Mechanisms of skeletal muscle wasting

The skeletal muscle is composed of muscle fibres and associated connective tissues. Single muscle fibres are multinucleated and nearly 80% of the content is protein without the consideration of water. ¹ And each muscle fibre consists of thousands of myofibrils made up of orderly interconnected thick and thin myofilaments. Groups of muscle fibres are arranged in bundles and wrapped by a layer of connective tissue called perimysium. ¹ Bunches of muscle fibre bundles are then surrounded by another layer of dense connective tissue known as the epimysium to form the whole muscle. ¹ The perimysium and epimysium as well as the endomysium around each muscle fibre form the extracellular matrix of skeletal muscle. Extracellular matrix is composed of three major proteins including collagen, non‐collagen and proteoglycan. ¹⁹

Despite the fact that muscle wasting is accompanied by a large number of diverse diseases, the underlying mechanisms inducing muscle loss are highly conserved across different disease conditions. Generally, the loss of skeletal muscle mass results from the destructed balance between protein synthesis and proteolysis. Most studies focused on the importance of proteolysis, indicating that proteolysis of myofilaments accounts for the predominant factor contributing to muscle wasting. The fundamental mechanism of the wasting process is an increase in muscle protein degradation induced by activated ubiquitin‐proteasome and autophagy‐lysosome systems. ²⁰ Intact myofibrillar proteins are initially degraded to release the myofilaments from the myofibrillar for subsequent degradation of myofilaments. ²¹ The cleavage of myofilaments from the myofibrillar is calpain‐dependent, and the degradation of proteins that anchor myofilaments to the Z‐disc allows for the separation of myofilaments. ²²

Deterioration of myofilaments by activated ubiquitin‐proteasome and autophagy‐lysosome pathways consequently leads to muscle wasting.
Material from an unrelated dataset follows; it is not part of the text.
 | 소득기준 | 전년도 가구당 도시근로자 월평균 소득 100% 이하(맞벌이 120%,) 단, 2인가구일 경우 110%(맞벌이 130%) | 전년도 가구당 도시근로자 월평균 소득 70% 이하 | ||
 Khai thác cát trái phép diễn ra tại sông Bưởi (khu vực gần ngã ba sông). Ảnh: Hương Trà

And multiple inflammatory cytokines such as tumour necrosis factor α, interleukin 6 (IL‐6), IL‐1α and interferon‐γ produced by tumour or host cells can act as triggers of these two pathways. ²³ , ²⁴ , ²⁵ These factors activate respective downstream pathways including the nuclear factor kappa‐B (NF‐κB) and the p38 MAPK (mitogen‐activated protein kinase) pathways, followed by the activation of forkhead family transcription factors of crucial E3 ubiquitin ligase genes such as MuRF‐1 (Muscle RING Finger containing protein 1, also known as TRIM63) and atrogin‐1 (muscle atrophy F‐box, also known as atrogin‐1) which mediates proteasomal degradation of muscle proteins and inhibition of muscle protein synthesis. ²⁶ Autophagy genes can also be activated through signalling cascades of these cytokines. ²⁴ In addition to inflammatory cytokines, several TGF‐β family members, including activin A and myostatin, have been proposed to be able to promote muscle wasting through the myostatin receptor ActRIIB. ¹² , ²⁷ Apart from the direct transduction of those cytokine signals, mounting evidence demonstrates that EV‐associated factors can also activate the catabolic status in skeletal muscle, which is discussed further below.
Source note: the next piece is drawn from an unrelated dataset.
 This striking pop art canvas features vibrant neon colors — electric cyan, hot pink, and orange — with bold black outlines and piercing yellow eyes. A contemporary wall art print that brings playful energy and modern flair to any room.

Another essential contributor to muscle wasting is mitochondrial dysfunction in various muscle wasting disorders. ²⁸ , ²⁹ Dysfunctional mitochondria contribute to skeletal muscle wasting by elevated ROS emissions, decreased ATP production and the release of proapoptotic mitochondrial proteins. ²⁸ , ³⁰ It has been reported that the dysfunction of mitochondria exists before the initiation of cancer‐induced muscle loss in animal models. ³¹ Penna et al. have proposed a scheme depicting the pathogenesis of muscle wasting under cancer circumstances, where mitochondrial dysfunction also precedes the cachectic phenotype and acts as a key antagonistic hallmark in the muscle wasting progress. ³² Despite of these consensus models, the mechanisms responsible for mitochondrial dysfunction under skeletal muscle wasting remain largely unknown. Therefore, the mechanism underlying the loss of skeletal muscle mass is multifactorial. Of note, most literature we discussed here applies to animal models only.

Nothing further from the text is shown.